プランに盛り込まれた具体策をみていくと、まず、ライフステージを通じた子育てにかかる経済支援の強化や若い世代の所得向上に向けた取り組みを並べている。児童手当の所得制限を撤廃するとし、「全員を本則給付とするとともに、支給期間について高校卒業まで延長する」ことを提起。また、多子加算について、第三子以降を月3万円とするとし、2024年度中に実施できるよう検討するとした。

高等教育費の負担軽減も打ち出している。貸与型奨学金について、奨学金の返済が負担となって結婚・出産、子育てをためらわないよう、減額返還制度が利用可能となる年収上限について、325万円から400万円に引き上げることなどを講じるとしている。

リ・スキリングの訓練期間中の生活を支えるための新たな給付や融資制度の創設などを検討する。また、いわゆる「年収の壁(106万円/130万円)」への当面の対応として、被用者が新たに106万円の壁を超えても手取り収入が逆転しないよう、労働時間の延長や賃上げに取り組む企業に対し、必要な費用を補助するなどの支援強化パッケージを今年中に決定したうえで実行し、制度の見直しに取り組むなどとしている。

子育て世帯に対する住宅支援の強化も盛り込んでおり、まずは公的賃貸住宅を対象に、すべての事業主体で子育て世帯等が優先的に入居できる仕組みの導入を働きかけるとしている。

「伴走型相談支援」の制度化の検討を進める

すべてのこども・子育て世帯を対象とする支援の拡充に向けた具体策としては、妊娠期からの切れ目ない支援を拡充するため、妊娠期からの「伴走型相談支援」について、継続的な実施に向けて制度化の検討を進めるとし、「産後ケア事業」について、利用者負担の軽減措置を今年度からすべての世帯に対象を拡大して実施するなどとした。

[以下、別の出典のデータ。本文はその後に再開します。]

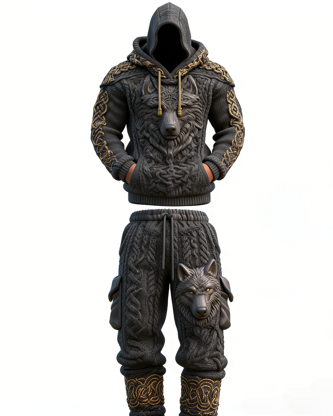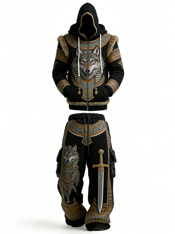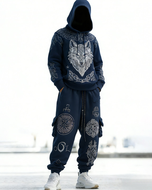 Men's Viking Wolf Embroidered Hoodie and Pants Two-Piece Set 7167$50.69 USD$82.82 USD

また、保育における1歳児および4・5歳児の職員配置基準について、1歳児は6対1から5対1へ、4・5歳児は30対1から25対1へと改善するとともに、民間給与動向をふまえた保育士などのさらなる処遇改善を検討するなどとしている。

このほか、就労要件を問わず、時間単位などで柔軟に利用できる新たな通園給付「こども誰でも通園制度」(仮称)の創設などを盛り込んだ。子育てに困難を抱える世帯やヤングケアラーなどへの支援強化や、地域における障がい児の支援体制の強化、ひとり親を雇い入れた企業に対する支援強化なども盛り込んでいる。

男性の育休取得率の政府目標を大幅に引き上げ

共働き・共育ての推進に向けた具体策では、男性育休の所得促進を掲げている。制度面ではまず、男性の育児休業取得率について、2025年までに30%としている現行の政府目標を、「2025年公務員85%(1週間以上の取得率)、民間50%」「2030年公務員85%(2週間以上の取得率)、民間85%」に大幅に引き上げるとした。また、2025年3月末で失効する次世代育成支援対策推進法を改正し、期限を延長したうえで、一般事業主行動計画について、男性の育児休業取得を含めた育児参加や、育児休業からの円滑な職場復帰支援などに関する行動が盛り込まれるようにするとともに、育児・介護休業法における育児休業取得率の開示制度の拡充を検討するとしている。

一方、給付面での対応では、いわゆる「産後パパ育休」(最大28日間)を念頭に、出生後一定期間内に両親ともに育児休業を取得することを促すため、給付率を現行の67%(手取りで8割相当)から、8割程度(手取りで10割相当)に引き上げるとしている。

また、男女ともに、職場への気兼ねなく育児休業を取得できるようにするため、育児休業を支える体制整備を行う中小企業に対する助成措置を大幅に強化するとしている。

「親と子のための選べる働き方制度」「育児時短就業給付」の創設を検討

育児期を通じた柔軟な働き方の推進を図るため、好事例の紹介を進めるとしている。また、こどもが3歳以降小学校就学前までの場合に、労働者が短時間勤務やテレワーク、フレックスタイム制などのなかから働き方を選択できる制度(「親と子のための選べる働き方制度(仮称)」)の創設を検討するとした。

さらに、男女ともに、一定時間以上の短時間勤務をした場合に、手取りが変わることなく育児・家事を分担できるよう、こどもが2歳未満の期間に時短勤務を選択したことに伴う賃金の低下を補い、時短勤務の活用を促す「育児時短就業給付(仮称)」を創設するとした。

このほか、自営業・フリーランスなどの育児期間中の経済的な給付に相当する支援措置として、国民年金の第1号被保険者について、育児期間における保険料免除措置を検討するとし、2026年度までの実施をめざすとした。

こうしたプランを支える財源については、「国民的な理解が重要である」とし、2028年度までに徹底した歳出改革などを行い、実質的に追加負担を生じさせないことをめざすとした。また、消費税など、こども・子育て関連予算充実のための財源確保を目的とした増税は行わないと記述。企業を含む社会・経済の参加者全員が連帯し、公平な立場で、広く負担していく新たな枠組み(「支援金制度(仮称)」)を構築することを打ち出し、詳細について年末に結論を出すとしている。